Monday, March 14, 2011
LaTeX in a Nutshell (#1)
Sunday, March 6, 2011
Undocumented ACE_OS::sleep caveats
For those in need of sleep in microseconds, understand that Windows provides no such mechanism.
Intro
Recently, I needed a methodology for setting hertz publication rate on a publisher that would work in both Linux and Windows. The publication rate should be able to go up to mhz at least, which requires a sleep mechanism capable of 1,000,000,00 ns / 1,000,000 == 1,000 ns of precision. Consequently, the sleep would be required to function on a microsecond level.
Tools and methodologies
I decided to stick with the ACE library and specifically use the ACE_OS::sleep(const ACE_Time_Value &) call. On the surface, this should allow us to sleep for microseconds, and it does - with one small caveat: the operating system needs to have a sleep mechanism that is capable of actual us (microsecond) precision.
Problems
In WIN32 mode, the ACE_OS:sleep call uses the ::Sleep method provided by the Windows operating system. Unfortunately, ::Sleep works on millisecond precision. This means that you either blast (e.g. no sleep statement at all), or you can specify a hertz rate of <= 1 khz (1ms of sleep).
Solutions
One potential solution is bursting events and then sleeping for 1ms. The trick to this is to work out a bursting pattern that uses the sleep to sum all the microseconds that should have been done over that period. This isn't modeling exactly what you want, but the alternative is to simply only allow bursting or <= 1khz. In other words, there is no beautiful, portable solution to this that isn't going to cause stress on whatever you are trying to test (bursting is always a worst case for any software library).
Downloads
KaRL Dissemination Test - Tuned to burst mode on Windows and simply sleep for microseconds on POSIX.
Saturday, March 5, 2011
For loops just aren't what they used to be
Intro
My PhD dissertation currently centers around a knowledge and reasoning engine and middleware called KaRL, part of my Madara toolsuite.

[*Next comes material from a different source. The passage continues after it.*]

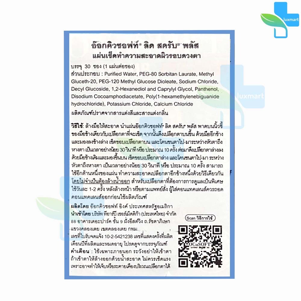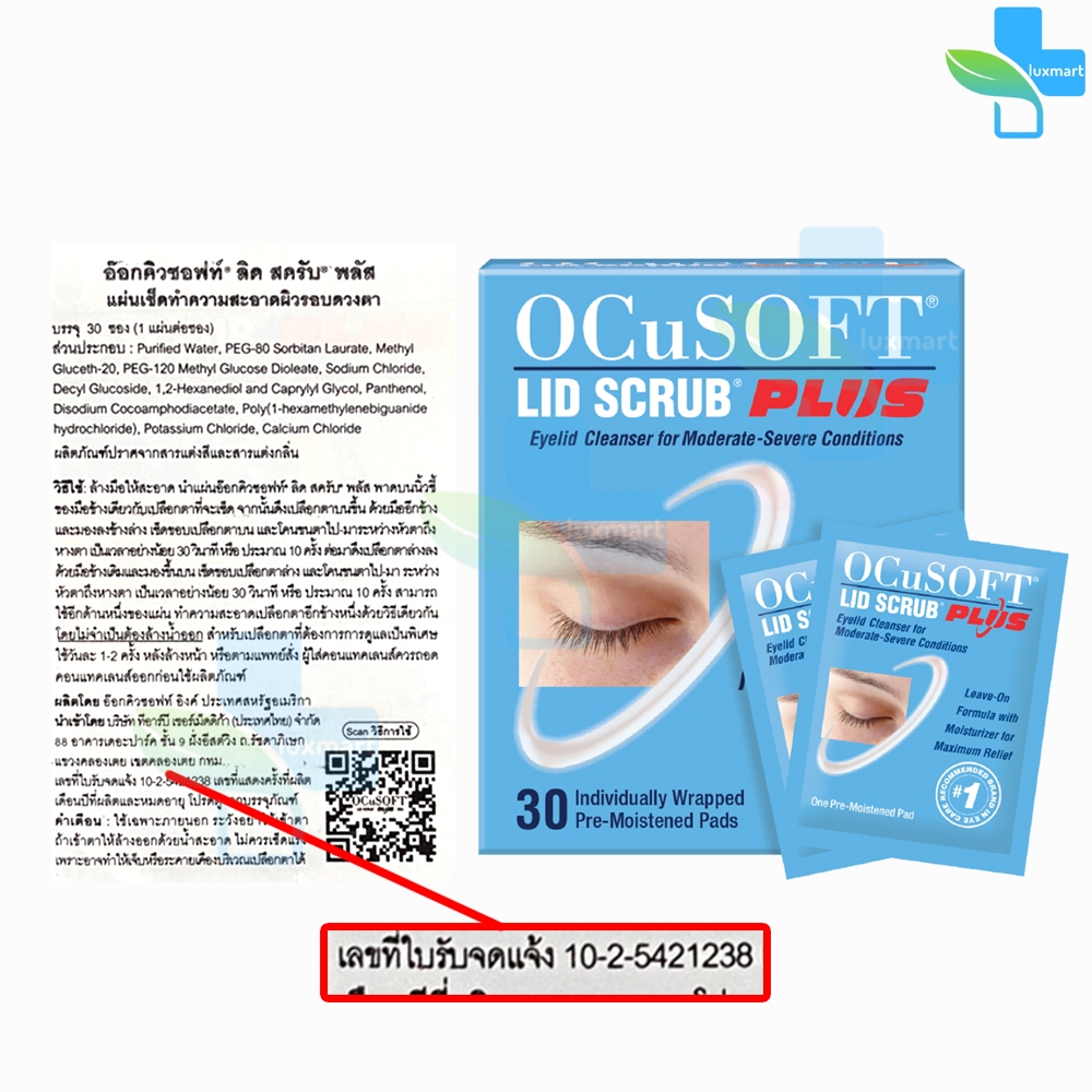 OCuSOFT Lid Scrub Plus Pad (แบ่งขาย 10 แผ่น สีฟ้า) EE 4202 แผ่นเช็ด ทำความสะอาดผิว รอบดวงตา เปลือกตา ขอบตา

In a recent paper, I wanted to do some performance testing of the KaRL distributed reasoner, and so I attacked the testing from three vectors: reasoning throughput (the number of rules per second the engine could perform without distributed knowledge), dissemination throughput (the number of rules per second sent over the wire in a LAN), and dissemination latency.

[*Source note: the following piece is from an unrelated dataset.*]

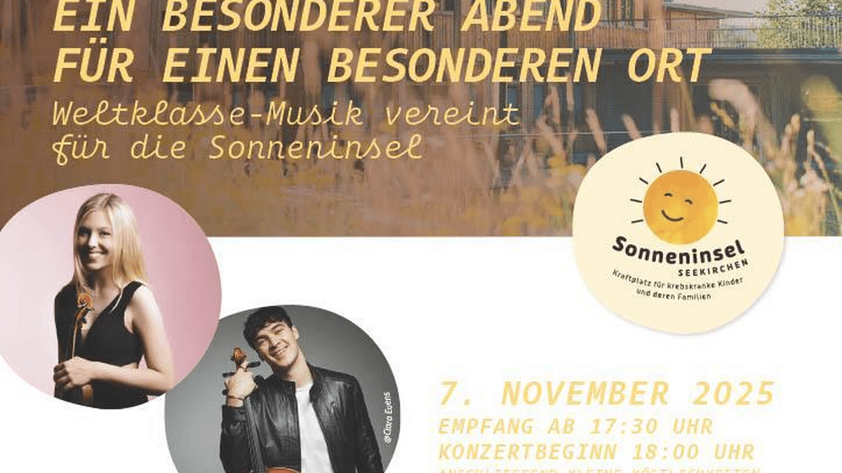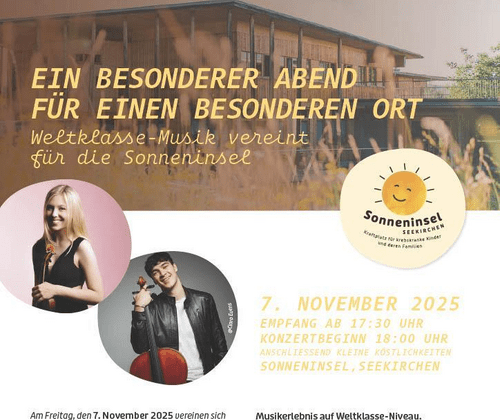Am Freitag, den 7. November 2025, laden wir euch herzlich zu einem Benefizkonzert zugunsten der Sonneninsel Seekirchen ein.
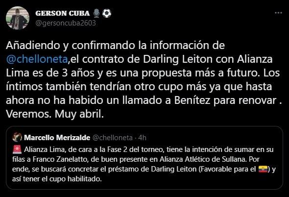 Para darle un refuerzo a esta data, apareció Gerson Cuba, quien contó lo siguiente: “Añadiendo y confirmando la información de Marcello Merizalde, el contrato de Darling Leiton con Alianza Lima es de 3 años y es una propuesta más a futuro. Los íntimos también tendrían otro cupo más, ya que hasta ahora no ha habido un llamado a Benítez para renovar. Veremos. Muy abril”. Entonces serían dos salidas para la mitad de temporada, según podemos entender. No solo Leiton, sino también el querido ‘Pájaro’. Habrá que ver.

To make things more interesting, I decided to form a baseline for reasoning throughput. How about C++ optimal performance with a for loop and reinforcements (e.g. ++var). Oh, and it needs to be portable across Windows and Linux. Easy enough, right?
Problems, Solutions, and More Problems
The first problem on the docket was one of timer precision. I decided to go with ACE_High_Res_Timer, after some unsuccessful and highly error prone usage of the underlying gethrtime. After using the High_Res_Timer class, so it corrects for global scale factor issues between the return values of QueryPerformanceCounter(). So far, so good.
The results on my Linux and Windows machines were right in line with what I expected. Through function inlining, expression tree caching, and various other mechanisms, we are able to efficiently parse KaRL logics at greater than 1 Mhz. However, when I started comparing to my supposed baseline, I discovered that the ACE_High_Res_Timer was reporting that the optimized C++ for loop of ++var was performing at an amazing 60 Ghz to over 1 Thz... on a 2.5 Ghz processor.
What the heck was going on here?
It turns out that modern C++ compilers will completely optimize out for loops if they can. My specific issue, which remains unsolved in a portable manner, was in regards to a for loop with a simple accumulator (var) which is incremented a certain number of times. I had started a timer before the for loop and stopped it after the loop was over, but the assembly language generated from the C++ programs had 0 for loops in the function. In fact, they simply moved the final value that the loop would have had into the var. The timer was effectively reporting the time it took to query the system for the nanosecond precision timers, since the couple of assembly instructions included were not enough to amount to any nanoseconds at all.
Remarks on Known Solutions
In Visual Studio, I was able to circumvent the issue in two ways: first, by using __asym { nop }, which effectively inserts a no-op (an exchange of eax with itself), and second, by using volatile, which means the compiler is not able to optimize at all and can't fully take advantage of registers.
In g++, unfortunately, I was only able to use volatile, which means that if I wanted to test the actual loop, I have to take away every other optimization that the compiler might be able to do.Using volatile turns out to be the only portable thing I could think of. Internet searching seemed to confirm these suspicions. I would think there would be some way to specifically tell each compiler to simply not optimize out for loops in a particular function or file though.
Downloads
Solution, which unfortunately can't get around L3 optimization in g++ and Release mode in Visual Studio.